The tests and the build
The concept of having extensive tests as part of the build is not flawed. This is actually what the build is for. What is flawed is to have tests “that fail frequently but intermittently.” A test—no matter if it’s a unit test which executes a one-line method which does some elementary stuff and asserts that the result is equal to a given value, or if it’s a system test which relies on dozens of different components, everyone of which can fail—has its value only when green indicates success and red indicates failure. If the test randomly fails, this random characteristic makes it not just useless, but harmful: harmful because your team will mistrust the build.
— Hey, I think we shouldn’t push this hotfix to production, because our build is red.
— Oh, come on, it’s probably some flaky test, as usual.

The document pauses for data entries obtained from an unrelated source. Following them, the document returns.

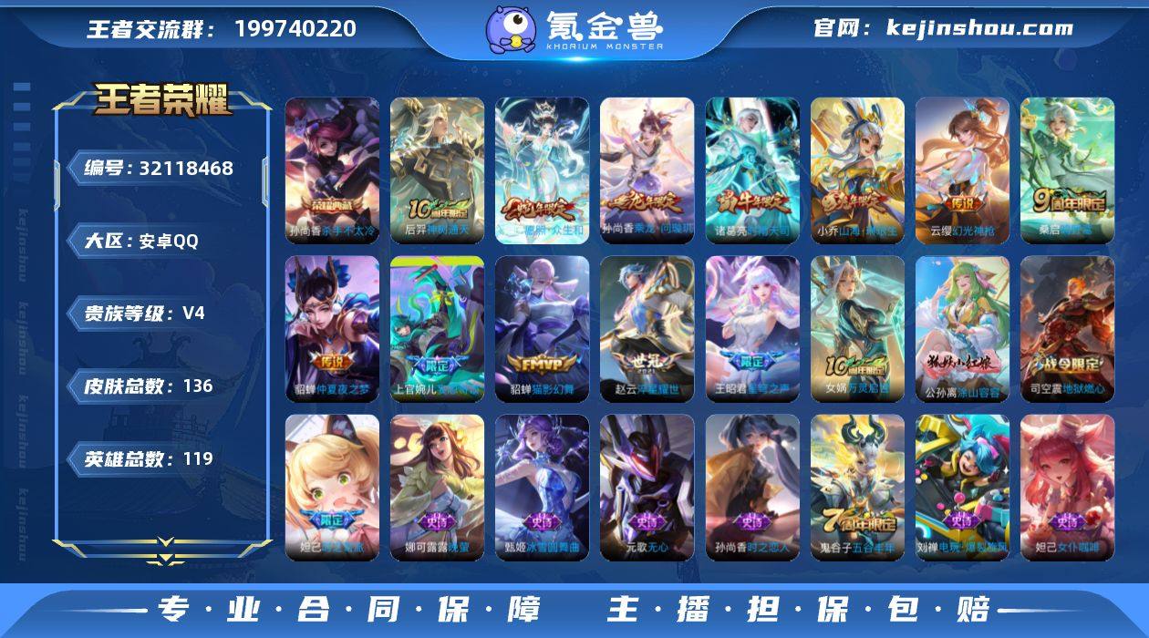 19122|【可实名】精品脱坑典藏多传说号 可二次 低价出 安卓QQ 136皮 贵族4级 1典藏 12传说 44史诗【荣耀典藏】杀手不太冷【传说皮肤】神树通天,妄想奇谈,幻光神枪,愿照·众生和,乘龙·问璇玑,山海·琳琅生,鸣野蒿,星穹之声,时雨天司,仲夏夜之梦安卓QQ 136皮 贵族4级 1典藏 12传说 44史诗【荣耀典藏】杀手不太冷【传说皮肤】神树通天,妄想奇谈,幻光神枪,愿照·众生和,乘龙·问璇玑,山海·琳琅生,鸣野蒿,星穹之声,时雨天司,仲夏夜之梦,猫影幻舞,淬星耀世【史诗皮肤】涂山容容,万灵启世,无心,暗隐猎兽者,天才门将,电玩·爆裂旋风,地狱燃心,圣诞狂欢,末日机甲,金属风暴,魅力维加斯,时之奇旅,女仆咖啡,晚萤,摇滚巨星,优雅恋人,暗夜贵公子,时之恋人,水果甜心,心灵骇客,鬼剑武藏,缤纷独角兽,奇幻香踪,逐浪之夏,鹰眼统帅,魔术师,偶像歌手,冰雪圆舞曲,特工魅影,百相守梦,荣光圣徽,舞动绿茵,逐梦之音,圣诞恋歌,唤灵魅影,未来纪元,皇家上将,超时空战士,江河有灵,节奏热浪,迷踪丽影,冰冠公主,五谷丰年,火炮绅士【勇者皮肤】荣光之誓,罗小黑战记,鹤鸣心笺,噬灭天穹,幻夜行动,金庭之子,黄金武士,铁骨偃魂,浪漫序章,万事如意,纽约教父,唤灵魔甲,剑破天穹,阿尔法小队,野性能量,熔金海岸,暗都幽影,谧流熔炉,少女阿狸,天穹之誓,沉稳之力,玩偶对对碰,万象初新,丁香结,雾都夜雨,古海寻踪,缤纷绘卷,化身博士,虹云星官,云中旅人,潮玩骑兵,海盐诗旅,东方不败,鲨炮海盗猫,幻泉雾影,时空谍影,万华元夜,幻想奇妙夜,花好人间,落雪兰心,白色死神,敬我三分,功夫老勺,百相守梦,流音漫舞,幻夜卜梦,红桃皇后,兔女郎,苍林狼骑,坚韧之力,千军破阵,蔚蓝守将,擒涛扼浪,雪境奇遇,忍·炎影,沙漠行僧,拳王,爱心护理,哥特玫瑰,街头霸王,教廷特使,海滩派对,天穹祈灯,探海日志,乓乓大师【其他皮肤】赤焰之缨,隐刃,精灵王,海军大将,万圣前夜,碧珀绯影,画中游,年年有余,...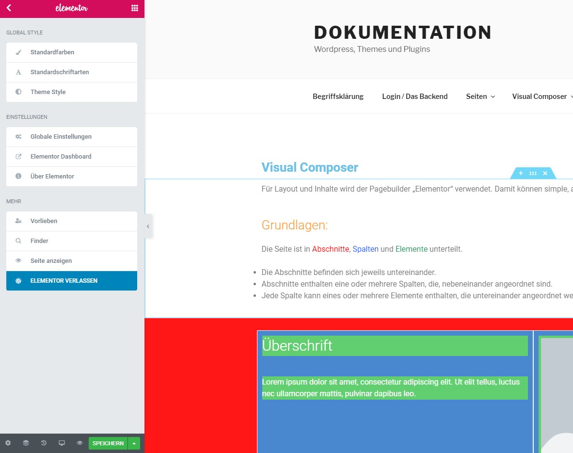 Die Seite ist in Abschnitte, Spalten und Elemente unterteilt.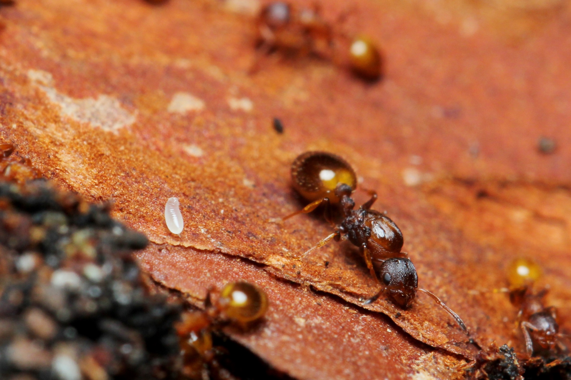 Temnothorax affinis ist eine relativ häufige Art, die auch gerne gehalten wird. Sie ist strikt arborikol, am Boden wird man also keine Nester finden. Diese kleinen Tierchen, die noch dazu eher volksarme Kolonien bilden, findet man nicht leicht. Sie nisten in abgestorbenen Ästchen od. unter Borke älterer Bäume. Die Fotos stammen von einem Nest, das ich unter der Borke einer Rotföhre (im Schneeheide-Rotföhrenwald) finden konnte und zwar nur etwa 0,5 m über dem Boden. Die Fotos stammen wieder von Sohn Roman.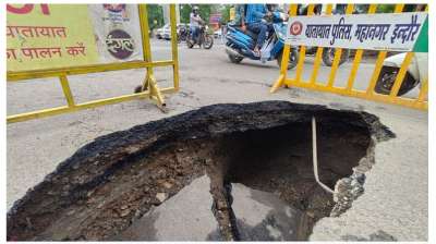 सड़क धंसी, निगम बोला एयरटेल की लापरवाही जिम्मेदार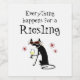 Everything happens for a Riesling! This funny wine quote is for white wine lovers, which you may find strange, coming from The Cabernet Cat. Well, this is actually Blanca, the C.C.'s cousin, who drinks only white wines. (And yes, they do look alike. Blanca's humans have a somewhat ironic sense of humour.) So if you prefer white wines, like Riesling, to reds, this very popular wine pun on a set of six funny wine labels is just for you. Cheers!

Just push it to production manually.
And then you spend the next four hours trying to undo the catastrophic consequences of what could be avoided by just looking at the build.
If you remove the tests from the build, then why having those tests in the first place? Imagine you run them by hand once per day (and you run them several times, since they a flaky). One of the tests appears to be consistently red. What now? How would you find which one of today’s fifty commits broke the test? And how do you expect a developer who actually broke something to remember exactly what he was working on yesterday?
Flakiness in tests
Flakiness can come from several sources:
Individual components in a system fail. For instance, it happens that when under heavy load, one system makes another system fail, given that both systems are third-party (and you can’t change them), and you configured them correctly.
If this is the reason of a failure, it may indicate that your product doesn’t cope well with failures coming from outside. The solution would be to make it more robust. There are plenty of different cases, and plenty of different solutions, such as failover, retry policies, etc.
A system fails because of the interactions with the outside world. Imagine that the system tests run on an infrastructure which is also used by three other products. It may happen that when another team is running stress tests, the network becomes so slow that your tests simply fail because the parts of your product timeout on most basic things, such as waiting for a response from the database.
In this case, the solution is to put more isolation, such as move to a dedicated infrastructure, or set up quotas to guarantee that every project will have enough computing, network and memory resources, no matter how other teams are using the infrastructure.
A test fails because of the complexity of the system itself, or because the test platform is unreliable. I’ve seen this on several web projects, with tests running through an emulated browser. The complexity of the product itself meant that occasionally, an element wouldn’t be shown on a page as fast as needed, and even more worrisome, sometimes a test would simply misbehave for no apparent reason.
If this is what you have, you might move to a better testing platform, as well as try to simply as much as possible to product itself.